How RAGFlow Creates a Dataset: A Code Walkthrough
How RAGFlow Creates a Dataset: A Code Walkthrough
RAGFlow exposes datasets (also called knowledge bases) as a first-class resource. Understanding how one gets created end-to-end — from an HTTP request all the way to a database row — is a good entry point into the codebase. This post traces that path through three layers: the API handler, the service layer, and the persistence call.
The API Layer: Accepting the Request
The entry point for dataset creation is the create function in api/apps/sdk/dataset.py dataset.py:55-L127. It is registered to handle POST /api/v1/datasets and is responsible for:
- Parsing and validating the JSON request body
- Resolving the authenticated tenant from the bearer token
- Forwarding the sanitised parameters to the service layer
Key fields accepted at this layer include name, embedding_model, chunk_method, parser_config, and permission. Any unsupported key is rejected before the call goes deeper.
The Service Layer: Core Creation Logic
The actual work happens in create_with_name inside api/db/services/knowledgebase_service.py knowledgebase_service.py:374-L430. This method:
- Validates the name — empty or whitespace-only names are rejected outright.

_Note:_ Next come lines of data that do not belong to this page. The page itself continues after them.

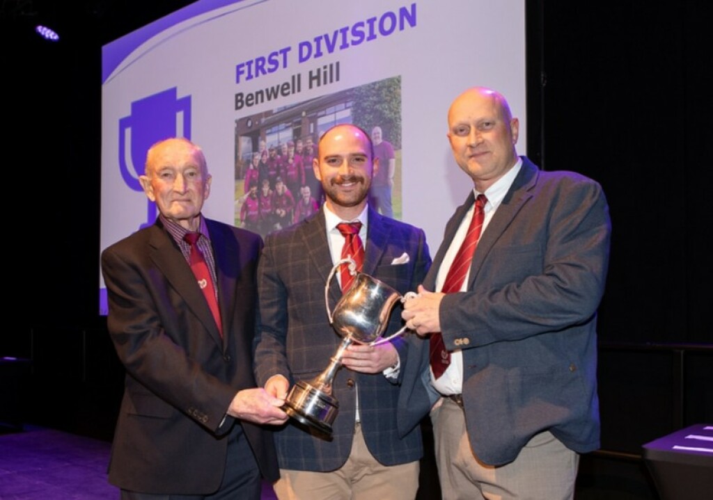 The Hill were officially presented with the North East Premier League Divisione One trophy on Friday 28th November at the Annual North East Premier League dinnner. Vice Captain Max Williamson collected the Trophy on behalf of the Hill, with skipper Phil Bell away in sunnier climes. Max unfortunately narrowly missed out on also collecting the League Player of the Year award, losing out to ex Hill player Mohsin Mukhtar in the final standings.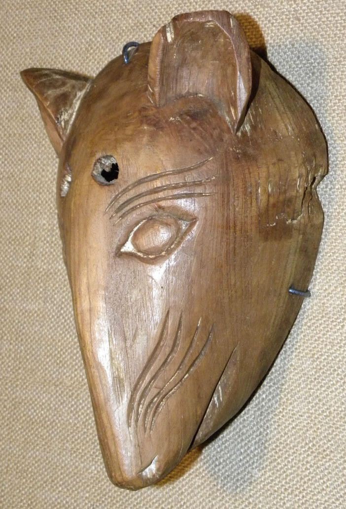 A life-sized triangular wood mask depicting a peanut-brown rat. Two carved almond-shaped eyes under three incised lines on the brow area. Two cutout eyeholes for the wearer are on the forehead. Two rounded ears protrude from the head. There are incised whiskers, nostrils, and a carved mouth at the end of a sharp nose. A wire is attached to the back of the mask. Some signs of scratching.Context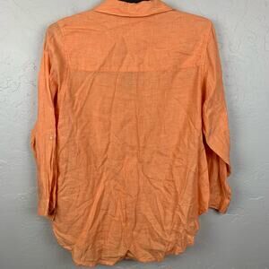 Sigrid Olsen Orange Linen Top Sizse 1X Roll Tab Sleeve V Neck Button Up Relaxed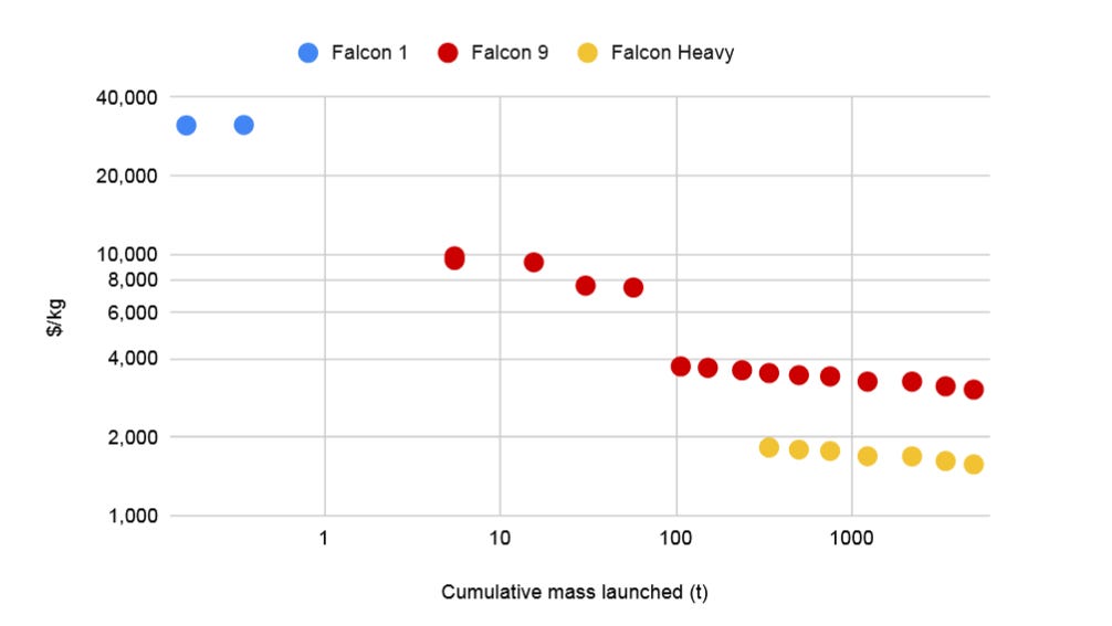 Thanks largely to SpaceX and the brutal, consistent logic of its 20% “learning rate” (every doubling of cumulative mass launched, the price per kg drops by ~20%), we are on a collision course with a magic number.
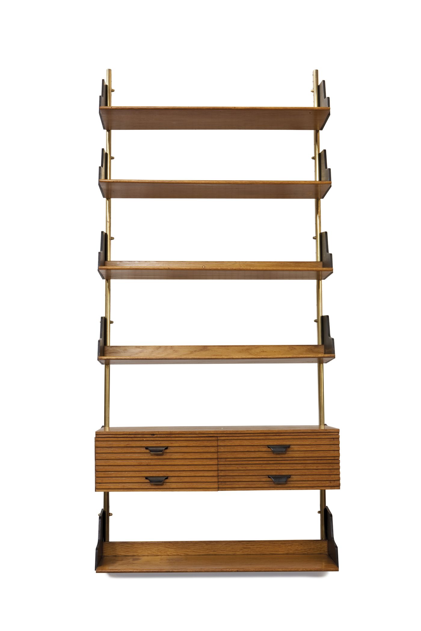LIBRERIA Libreria pensile in ottone zapponato con piani in rovere, supporti laterali in legno laccato nero. Elemento contenitore a uno sportello e due cassetti con fronte godronato. cm 180x80x34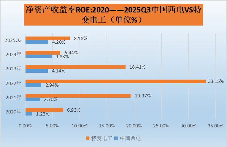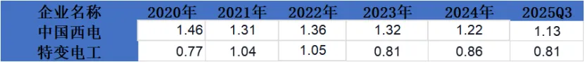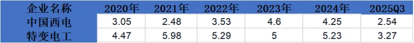 特变电工净资产收益率显著高于中国西电:在2020 - 2025年第三季度期间,特变电工各年度的净资产收益率均远高于中国西电。例如2020年,特变电工净资产收益率为6.93%,而中国西电仅为1.22%,特变电工约是中国西电的5.68倍。到2022年,差距进一步拉大,特变电工达到33.15%,中国西电为2.94%,特变电工约是中国西电的11.28倍。这表明特变电工在资产利用效率和盈利能力方面明显强于中国西电。
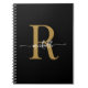 Cahier à spirale moderne, simple et élégant avec monogramme initial noir et or. Ce design minimaliste de couleur unie présente votre prénom dans une jolie typographie à lettres manuscrites avec des fioritures (ou calligraphie), modèle de monogramme initial, facile à personnaliser. Cadeau personnalisé idéal pour une fête d'anniversaire, une pendaison de crémaillère, un mariage, un anniversaire pour les 16 ans, une fête de mariage, une baby shower et pour quiconque aime le style minimaliste chic.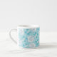 Unique aqua blue and white carnation patterned expresso mug. Uniquely designed and produced by Sarah Trett.

- Handles name collisions — if a dataset with the same name already exists under the tenant, a numeric suffix is appended automatically (e.g.
my-docs (2)). - Builds the payload — default values are merged with the caller-supplied fields, producing a complete record ready for persistence.
- Constructs
parser_config— chunk method-specific defaults are applied here; for instance,naiveandbookcarry different splitting parameters.
Saving to the Database
Once the payload is assembled, KnowledgebaseService.save() commits it. A unique ID is generated at this point, and the record becomes queryable immediately. The dataset is scoped to the tenant, so the name uniqueness constraint is per-tenant, not global.
Configuration Reference
The following fields can be set when creating a dataset dataset.py:55-L127:
| Field | Description |
|---|---|
name |
Human-readable label for the dataset (required, unique per tenant) |
embedding_model |
Model used to embed chunks for retrieval |
chunk_method |
Splitting strategy: naive, book, qa, and others |
parser_config |
Method-specific parser options |
permission |
Access control: me or team |
Quick Start: Python SDK
The Python SDK wraps the HTTP call with a thin client. A minimal example from the repo dataset_example.py:27-L32:
client.create_dataset(
name="my-knowledge-base",
embedding_model="text-embedding-ada-002",
chunk_method="naive",
)
Or directly via HTTP http_api_reference.md:440-L450:
curl -X POST http://localhost/api/v1/datasets \
-H "Authorization: Bearer <token>" \
-H "Content-Type: application/json" \
-d '{"name": "my-knowledge-base", "chunk_method": "naive"}'
Key Takeaways
- Dataset = KnowledgeBase internally; the two terms are used interchangeably throughout the codebase.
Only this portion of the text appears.